Query and Dataframe Script

The script below creates a SQL query for the census data hosted on Amazon Web Services for cloud collaboration. It filters the data into specific feature and response columns. The feature columns use "get_dummies" to create separate columns for categorical responses, while the response column is 'hour_binned'. The administrative information (passwords, etc.) has been changed for security purposes.

dbname = 'mcnulty'
user = 'USERNAME'
password = '@@@@'
host = 'ec2-51-34-173-157.us-west-2.compute.amazonaws.com'
port = '5432'

# input must be strings
def query_database(user, dbname='mcnulty', password='@@@@', host='ec2-51-34-173-157.us-west-2.compute.amazonaws.com', port='5432'):
    '''
    dbname: database name
    user: username
    password: password for the user
    host: public dns
    port: typically for postgresql 5432
    returns a dataframe given query
    '''
    
    try:
        # Create connection with database
        conn = psycopg2.connect("dbname="+dbname+" user="+user+" password="+password+" host="+host+" port="+port)
        print "Connected"
        cur = conn.cursor()

        # Ask for user's SQL query
        print "Query please: "
        input_query = raw_input()

        # Execute search query
        cur.execute(input_query)
        data = cur.fetchall()

        # Return dataframe
        df = pd.DataFrame(data)
        cur.close()
        conn.close()

        return df

    except:
        print "Connection error or query mistake"

        
def clean_data_x_y(df):
    '''
    df: input census dataframe (all data)
    return: processed dataframe
    '''
    df_1 = df.copy()
    del df_1[0] # delete original index column
    df_1 = df_1.dropna()
    df_1.columns = ['age','workclass','fnlwgt','education','education_years','marital_status','occupation','relationship','race','sex','capital_gain','capital_loss','hours_per_week','native_country','income','source']
    # removing whitespace from columns with string values
    string_cols = ['workclass','education','marital_status','occupation','relationship','race','sex','native_country','income']
    for col in string_cols:
        df_1[col] = df_1[col].map(str.strip)
    df_1['hour_binned'] = [0 if i < 40 else 1 for i in df_1['hours_per_week']]
    x = df_1[['age','workclass','education','education_years','marital_status','occupation','relationship','race','sex','capital_gain','capital_loss','native_country','income']]
    y =  df_1['hour_binned']
    x = pd.get_dummies(x, columns = ['workclass','education','marital_status','occupation','relationship','race','sex','native_country','income'])  
    return x,y

I imported the script and used its functions to query the data into a dataframe.
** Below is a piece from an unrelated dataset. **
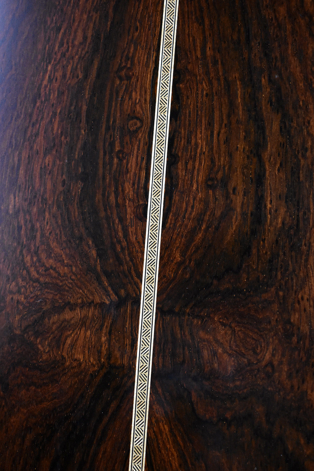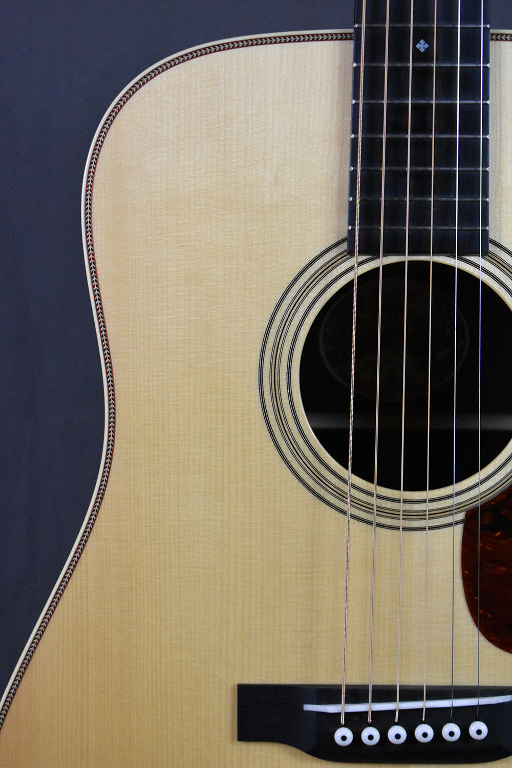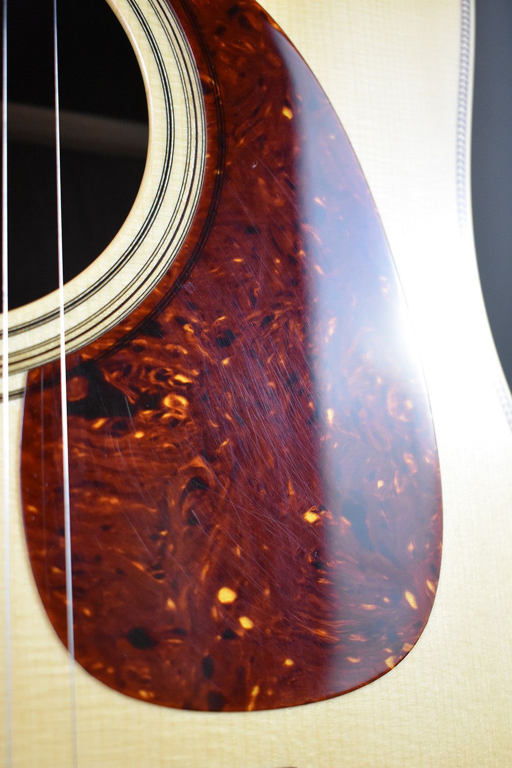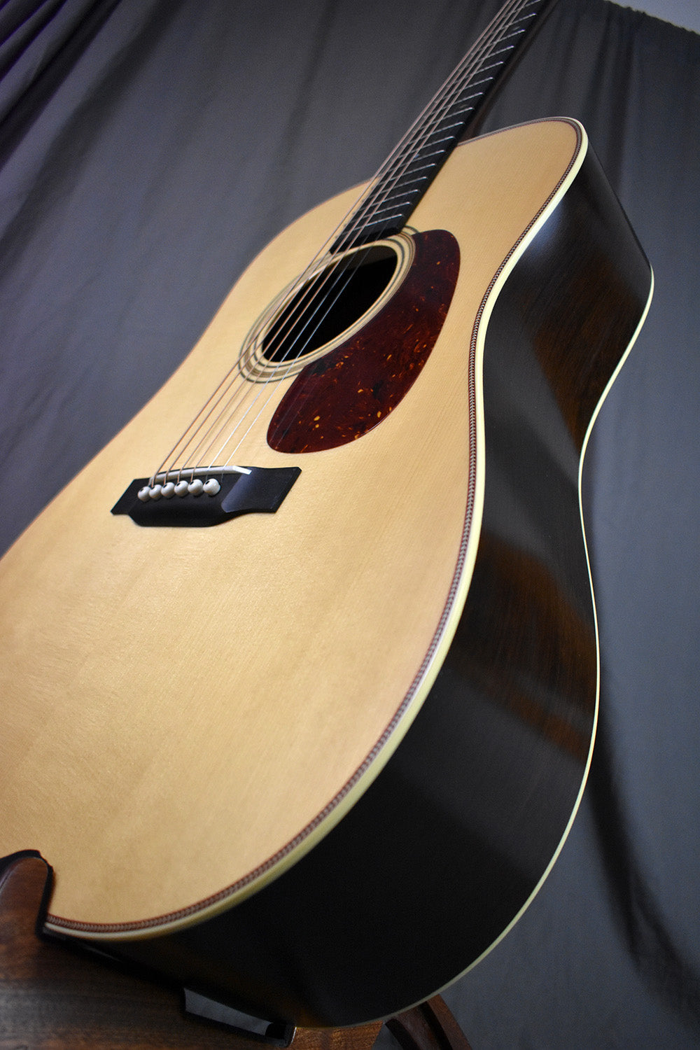 This 2024 D2H MR A T S pushes that concept to the limit with top-tier tone wood. Pairing Madagascar Rosewood back and sides with an Adirondack Spruce top, this D2H MR A T S produces intense, articulate tones that rival the refined prewar sound. Madagascar Rosewood offers deep, complex overtones and focused midrange presence similar to Brazilian, and the Madagascar used on this D2H shows stunning grain figure. Adirondack Spruce was the top wood used on all the iconic relics of the '30s, and it provides exceptional dynamic range and power. Together, these high-end woods yield a commanding yet refined dreadnought voice—rich, glassy highs over a full, articulate bass. The Traditional Satin finish complements the tone beautifully, enhancing resonance while giving the guitar a smooth, non-reflective feel under the hands.
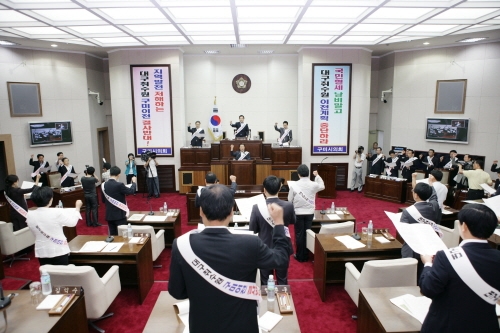 <사진/ 대구 취수원 구미이전 반대 결의문을 채택한 구미시의회>

import project_mcnulty2class

df = project_mcnulty2class.query_database('chris')

Connected
Query please: 
Select * From Census

df.head()

	0	1	2	3	4	5	6	7	8	9	10	13	14	15	16
0	2	50	Self-emp-not-inc	83311	Bachelors	13	Married-civ-spouse	Exec-managerial	Husband	White	Male	13	United-States	<=50K	train
1	3	38	Private	215646	HS-grad	9	Divorced	Handlers-cleaners	Not-in-family	White	Male	40	United-States	<=50K	train
2	4	53	Private	234721	11th	7	Married-civ-spouse	Handlers-cleaners	Husband	Black	Male	40	United-States	<=50K	train
3	5	28	Private	338409	Bachelors	13	Married-civ-spouse	Prof-specialty	Wife	Black	Female	40	Cuba	<=50K	train
4	6	37	Private	284582	Masters	14	Married-civ-spouse	Exec-managerial	Wife	White	Female	40	United-States	<=50K	train

x,y = project_mcnulty2class.clean_data_x_y(df)

x.head()

	age	education_years	workclass_Private	workclass_Self-emp-not-inc	...	native_country_United-States	income_<=50K
0	50	13	0	1	...	1	1
1	38	9	1	0	...	1	1
2	53	7	1	0	...	1	1
3	28	13	1	0	...	0	1
4	37	14	1	0	...	1	1

5 rows × 104 columns

The response column "hour_binned" is now converted to binary values (0 or 1) depending on hours worked per week.

y.head()
# 0 < 40
# 1 >= 40

0    0
1    1
2    1
3    1
4    1
Name: hour_binned, dtype: int64

I separated the data into training and testing subsets:

X_train, X_test, y_train, y_test = train_test_split(x, y, test_size=0.3, random_state=15)

Classification Models with GridSearch

from sklearn.grid_search import GridSearchCV
from sklearn.metrics import confusion_matrix
from sklearn.metrics import classification_report

Logistic Regression

Parameter C is the cost function. Lower values of C result in lower model complexity. I tested seven different C values with the logistic model.

params_c = np.logspace(-3, 3, 7) # 10^-3 to 10^3
params_c

array([  1.00000000e-03,   1.00000000e-02,   1.00000000e-01,
         1.00000000e+00,   1.00000000e+01,   1.00000000e+02,
         1.00000000e+03])

# Setup grid search with model and search parameters
logreg_grid_search = GridSearchCV(LogisticRegression(), param_grid={'C': np.logspace(-3, 3, 7)})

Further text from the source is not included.